(Dataset items)

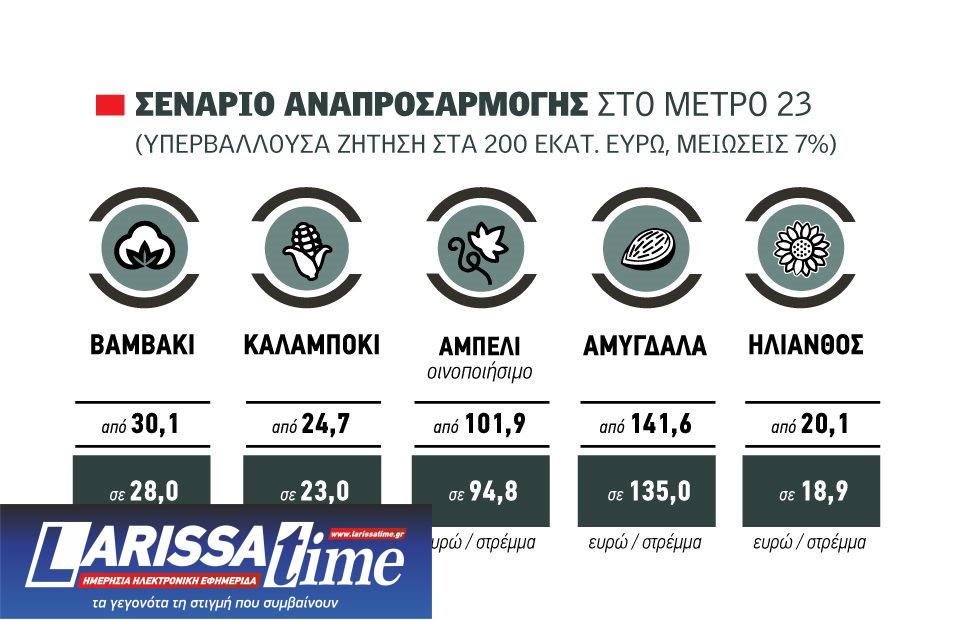 Σε περίπτωση που η υπερβάλλουσα ζήτηση διαμορφωθεί ας πούμε στα 200 εκατ. ευρώ, τότε θα χρειαστεί μία οριζόντια περικοπή 7% από τα ακόλουθα ποσά αναφοράς. Το ίδιο θα ισχύσει και για τις έκτακτες ενισχύσεις στο Κωπαϊδικό Πεδίο. Ενδεικτικά, σε ένα τέτοιο σενάριο, η έκτακτη ενίσχυση για το βαμβάκι θα υποχωρήσει στα 28 ευρώ το στρέμμα, για τα αμύγδαλα στα 135 ευρώ το στρέμμα, στο καλαμπόκι στα 23 ευρώ το στρέμμα, στον ηλίανθο στα 18,9 ευρώ το στρέμμα και στο οινοποιήσιμο αμπέλι στα 94,8 ευρώ το στρέμμα.
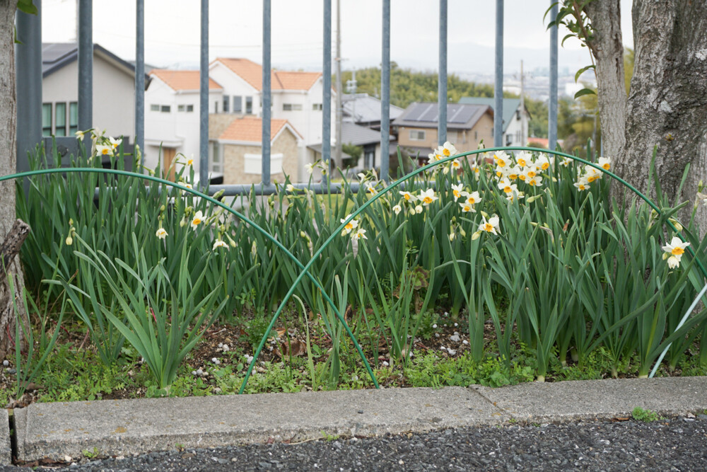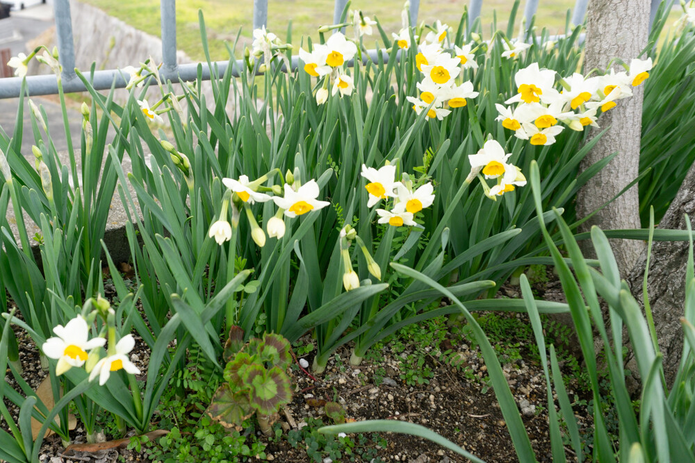 スイセンの花が咲いていたのは、ロータリーの歩道の外側です。
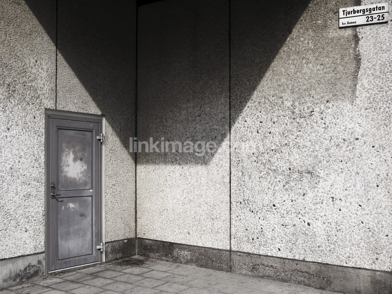 door, exterior, facade, form, graphic, graphic, gray, patina, shadow, sunlight, town, urban, wall
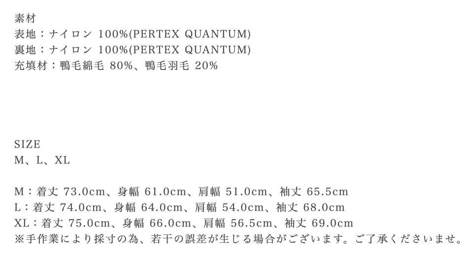 細かなリップストップ生地なので、耐久性も高い一枚、後加工無しでもダウンが抜け出さず快適な着心地を楽しんでいただけます。
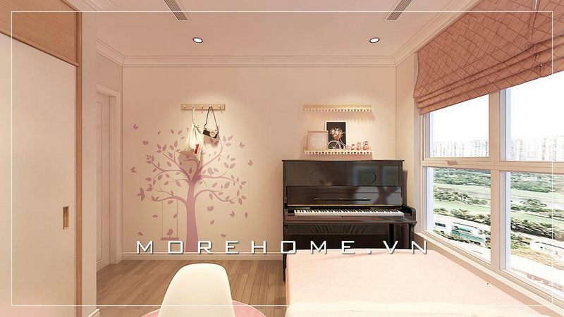 Không gian phòng ngủ của bé được trang trí bằng một chiếc piano đẹp, hiện đại và độc đáo.
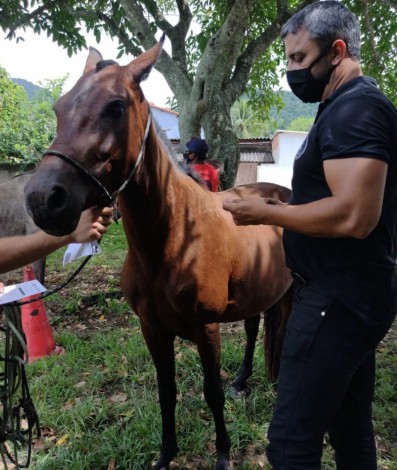 No último sábado, a Secretaria Municipal de Agricultura, Abastecimento e Pesca, realizou a vacinação antirrábica em equinos e muares na Basiléa, em Sampaio Corrêa.
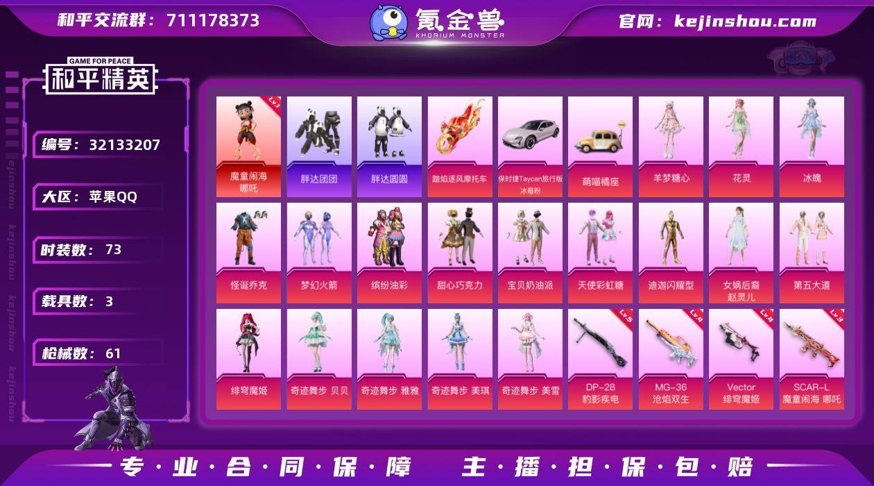YZJ12081 可二次 苹果Q-【极品精氪素材男女一体号 多套主播同款网红穿搭手慢无! 魔童脑海哪吒主页背景 集结舱-玉虚云舱 网红伙伴美月兔! 魔童哪吒全套! 小丑[怪诞] 女娲后裔-赵灵儿 金迪迦 新火箭少女 巧克力三姐妹 权威小番茄 猪妹 团团圆圆 美琪美雪贝贝 羊梦糖心 第五 花灵 软软马卡龙 兔兔白日梦 细狗申公豹 蛇蝎美人 敖闰 糯粉咩咩 青蛙服 密露汐语 红眼罩】1红装4载具17粉装6特效枪10热门73套装61枪皮 32704热力值 历史荣耀皇冠Ⅲ 【1红装】 魔童闹海-哪吒 (1级) 【4载具】 保时捷Taycan旅行版(冰莓粉) 萌喵橘座 踏焰逐风摩托车 萌兔起飞僚机 【17粉装】 冰魄 梦幻火箭 赵灵儿 奇迹舞步美雪 奇迹舞步贝贝 奇迹舞步美琪 奇迹舞步雅雅 绯穹魔姬 宝贝奶油派 天使彩虹糖 甜心巧克力 花灵 怪诞乔克 羊梦糖心 缤纷油彩 第五大道 闪耀迪迦型 【6特效枪】 SCAR-L-魔童闹海哪吒 (3级) Vector-绯穹魔姬 (4级) MG-36-沧焰双生 (4级) DP-28-豹影疾电 (5级) 蜜獾-荧海星豚 (2级) M417-第五大道 (2级) 【10热门】 红熊茄茄 软软马卡龙 糯粉咩咩 兔兔白日梦 胖达圆圆 胖达团团 暗影哥特 迪迦奥特曼 破蛋小黄鸡 极速红龙 【2头盔】 梦幻火箭头盔 甜心宝贝头盔 【1背包】 甜心宝贝背包 营地ID:1014634300
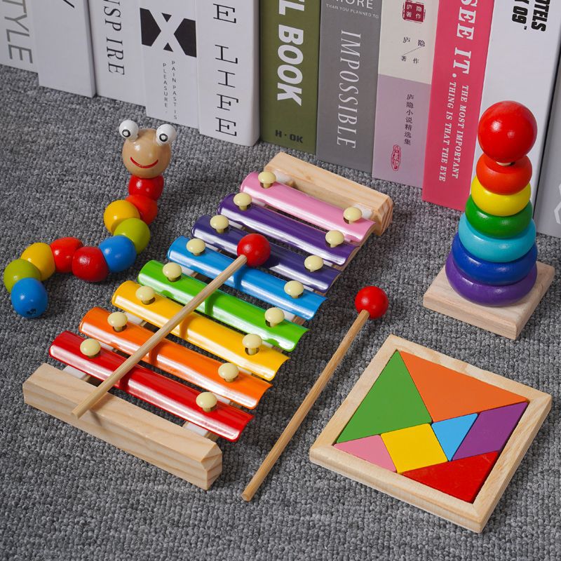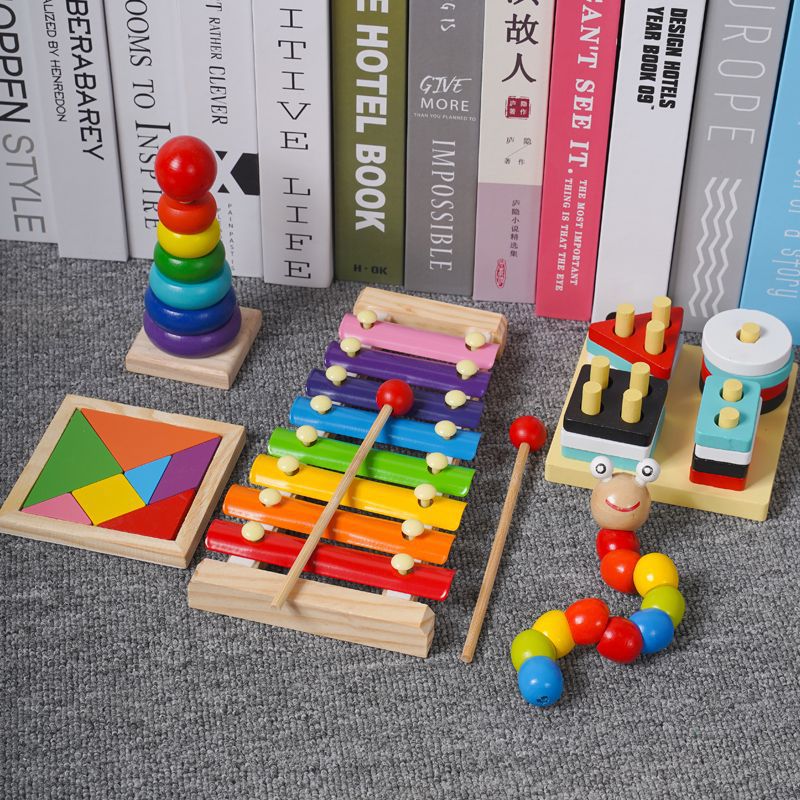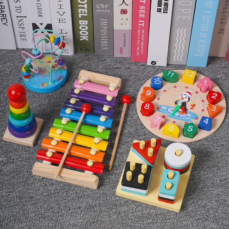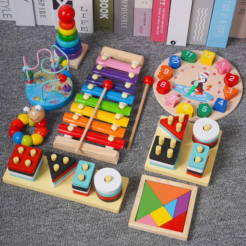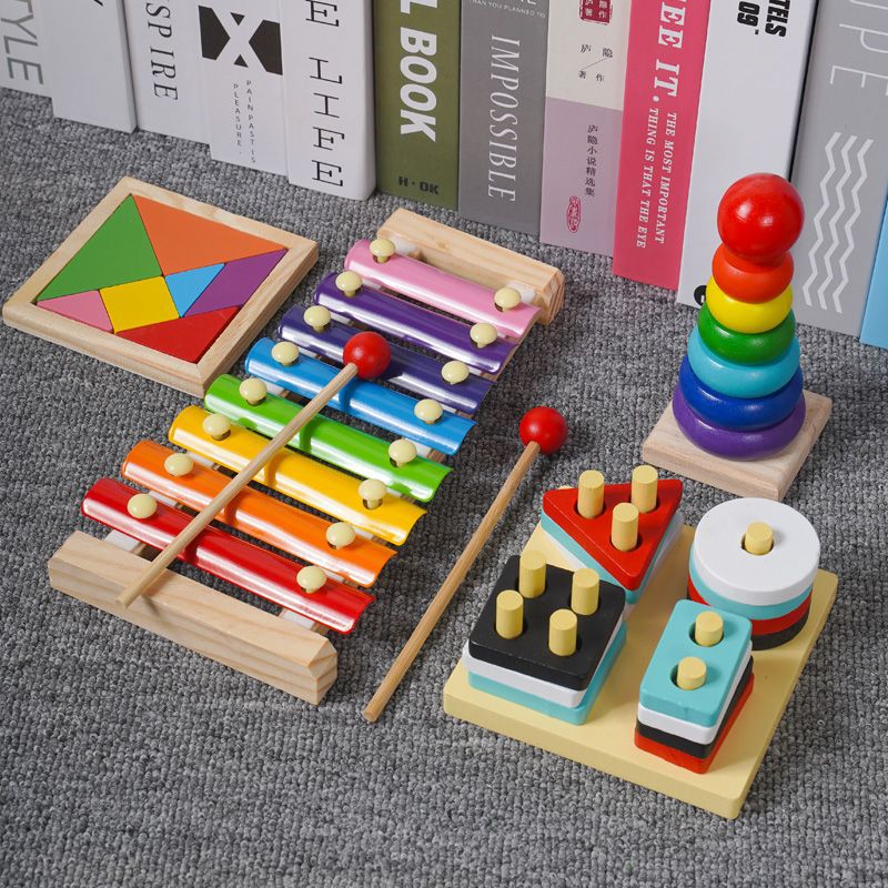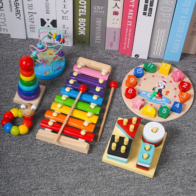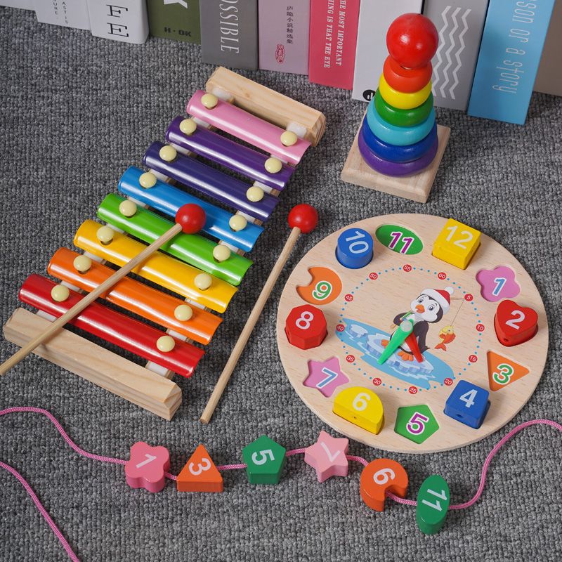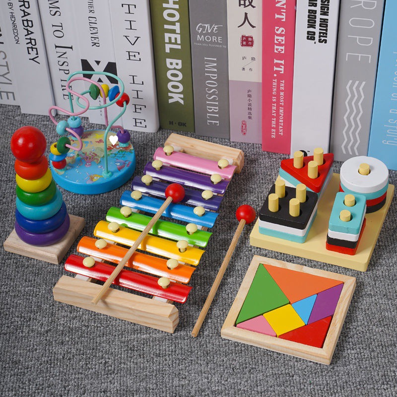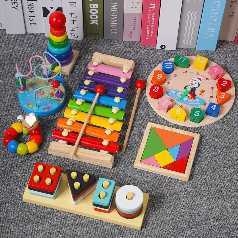 몬테소리 조기 교육 장난감 어린이 유아 8 톤 피아노 핸드 노크 아기 퍼즐 빌딩 블록 1-2-3 세 포장 구슬 세트 열
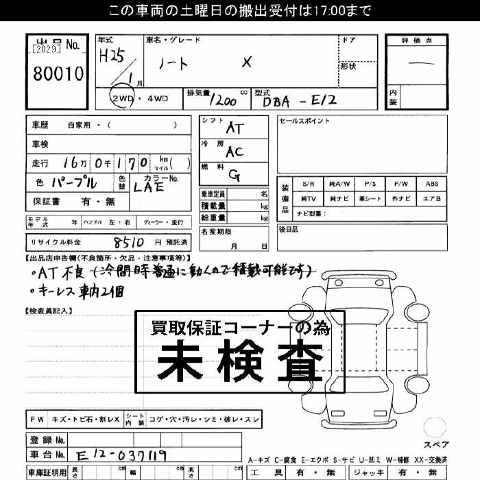 | X | DBA-E12 | HR12DE | FF | CVT | 1198cc | 79ps(58kW)/6000rpm | AИ-92 | 1 304 100 | |
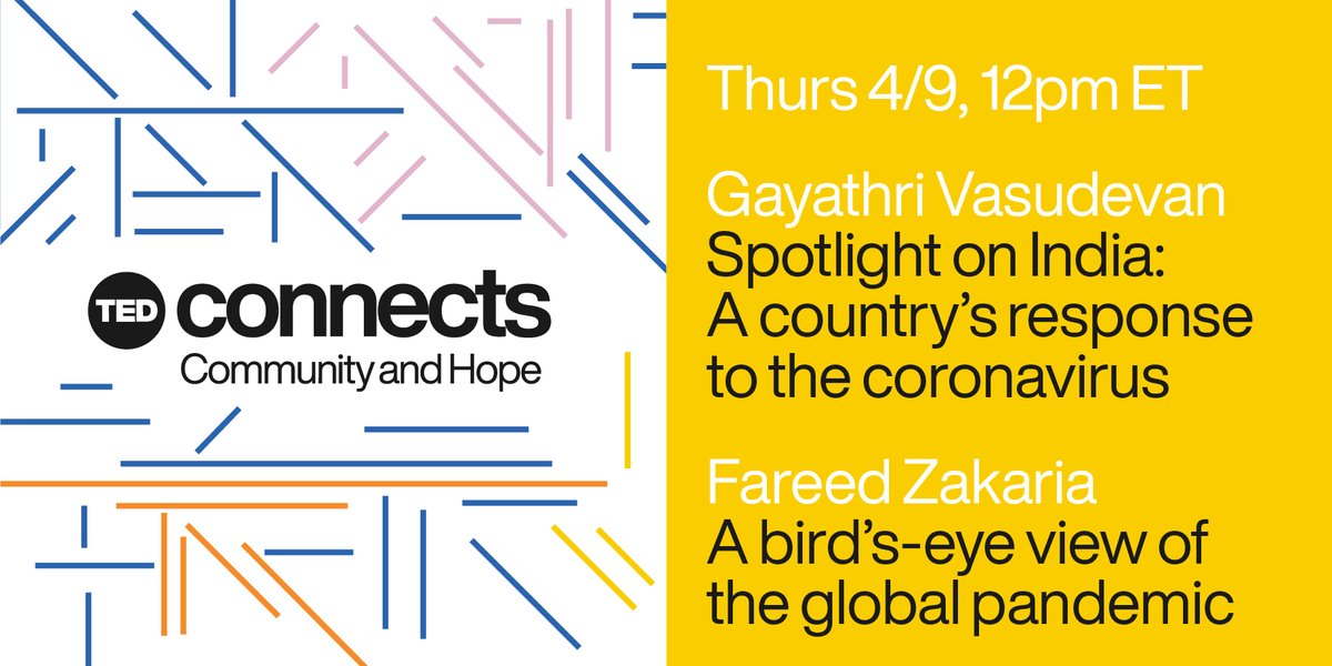 In 45min catch a glimpse into India's experience of #COVID19 from Gayathri Vasudevan, who works alongside the country's informal workforce. Then we'll zoom out to analyze the global response with host of CNN's GPS @FareedZakaria. Watch and share: http://go.ted.com/tedconnects pic.twitter.com/RLF4MrPaib
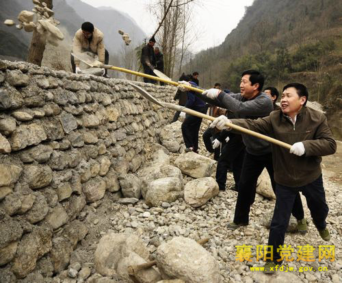 12月30日至31日,襄阳市人社局45名科级以上干部来到保康县城关镇刘家坪村,参加该局“三万”工作队组织修建的60余米的拦河坝义务劳动,共清除沙石200多立方,拦水坝修好后可为该村保护水田61亩、旱地100亩。人社干部还将3100斤大米分送到全村155户群众家中,并为5户特困党员群众送去1000元慰问金。

Instructions for the task. Retype the data above exactly. Do not carry over any images.

Output below.
 Σε περίπτωση που η υπερβάλλουσα ζήτηση διαμορφωθεί ας πούμε στα 200 εκατ. ευρώ, τότε θα χρειαστεί μία οριζόντια περικοπή 7% από τα ακόλουθα ποσά αναφοράς. Το ίδιο θα ισχύσει και για τις έκτακτες ενισχύσεις στο Κωπαϊδικό Πεδίο. Ενδεικτικά, σε ένα τέτοιο σενάριο, η έκτακτη ενίσχυση για το βαμβάκι θα υποχωρήσει στα 28 ευρώ το στρέμμα, για τα αμύγδαλα στα 135 ευρώ το στρέμμα, στο καλαμπόκι στα 23 ευρώ το στρέμμα, στον ηλίανθο στα 18,9 ευρώ το στρέμμα και στο οινοποιήσιμο αμπέλι στα 94,8 ευρώ το στρέμμα.
 スイセンの花が咲いていたのは、ロータリーの歩道の外側です。
 door, exterior, facade, form, graphic, graphic, gray, patina, shadow, sunlight, town, urban, wall
 細かなリップストップ生地なので、耐久性も高い一枚、後加工無しでもダウンが抜け出さず快適な着心地を楽しんでいただけます。
 Không gian phòng ngủ của bé được trang trí bằng một chiếc piano đẹp, hiện đại và độc đáo.
 No último sábado, a Secretaria Municipal de Agricultura, Abastecimento e Pesca, realizou a vacinação antirrábica em equinos e muares na Basiléa, em Sampaio Corrêa.
YZJ12081 可二次 苹果Q-【极品精氪素材男女一体号 多套主播同款网红穿搭手慢无! 魔童脑海哪吒主页背景 集结舱-玉虚云舱 网红伙伴美月兔! 魔童哪吒全套! 小丑[怪诞] 女娲后裔-赵灵儿 金迪迦 新火箭少女 巧克力三姐妹 权威小番茄 猪妹 团团圆圆 美琪美雪贝贝 羊梦糖心 第五 花灵 软软马卡龙 兔兔白日梦 细狗申公豹 蛇蝎美人 敖闰 糯粉咩咩 青蛙服 密露汐语 红眼罩】1红装4载具17粉装6特效枪10热门73套装61枪皮 32704热力值 历史荣耀皇冠Ⅲ 【1红装】 魔童闹海-哪吒 (1级) 【4载具】 保时捷Taycan旅行版(冰莓粉) 萌喵橘座 踏焰逐风摩托车 萌兔起飞僚机 【17粉装】 冰魄 梦幻火箭 赵灵儿 奇迹舞步美雪 奇迹舞步贝贝 奇迹舞步美琪 奇迹舞步雅雅 绯穹魔姬 宝贝奶油派 天使彩虹糖 甜心巧克力 花灵 怪诞乔克 羊梦糖心 缤纷油彩 第五大道 闪耀迪迦型 【6特效枪】 SCAR-L-魔童闹海哪吒 (3级) Vector-绯穹魔姬 (4级) MG-36-沧焰双生 (4级) DP-28-豹影疾电 (5级) 蜜獾-荧海星豚 (2级) M417-第五大道 (2级) 【10热门】 红熊茄茄 软软马卡龙 糯粉咩咩 兔兔白日梦 胖达圆圆 胖达团团 暗影哥特 迪迦奥特曼 破蛋小黄鸡 极速红龙 【2头盔】 梦幻火箭头盔 甜心宝贝头盔 【1背包】 甜心宝贝背包 营地ID:1014634300
 몬테소리 조기 교육 장난감 어린이 유아 8 톤 피아노 핸드 노크 아기 퍼즐 빌딩 블록 1-2-3 세 포장 구슬 세트 열
 | X | DBA-E12 | HR12DE | FF | CVT | 1198cc | 79ps(58kW)/6000rpm | AИ-92 | 1 304 100 | |
 In 45min catch a glimpse into India's experience of #COVID19 from Gayathri Vasudevan, who works alongside the country's informal workforce. Then we'll zoom out to analyze the global response with host of CNN's GPS @FareedZakaria. Watch and share: http://go.ted.com/tedconnects pic.twitter.com/RLF4MrPaib
 12月30日至31日,襄阳市人社局45名科级以上干部来到保康县城关镇刘家坪村,参加该局“三万”工作队组织修建的60余米的拦河坝义务劳动,共清除沙石200多立方,拦水坝修好后可为该村保护水田61亩、旱地100亩。人社干部还将3100斤大米分送到全村155户群众家中,并为5户特困党员群众送去1000元慰问金。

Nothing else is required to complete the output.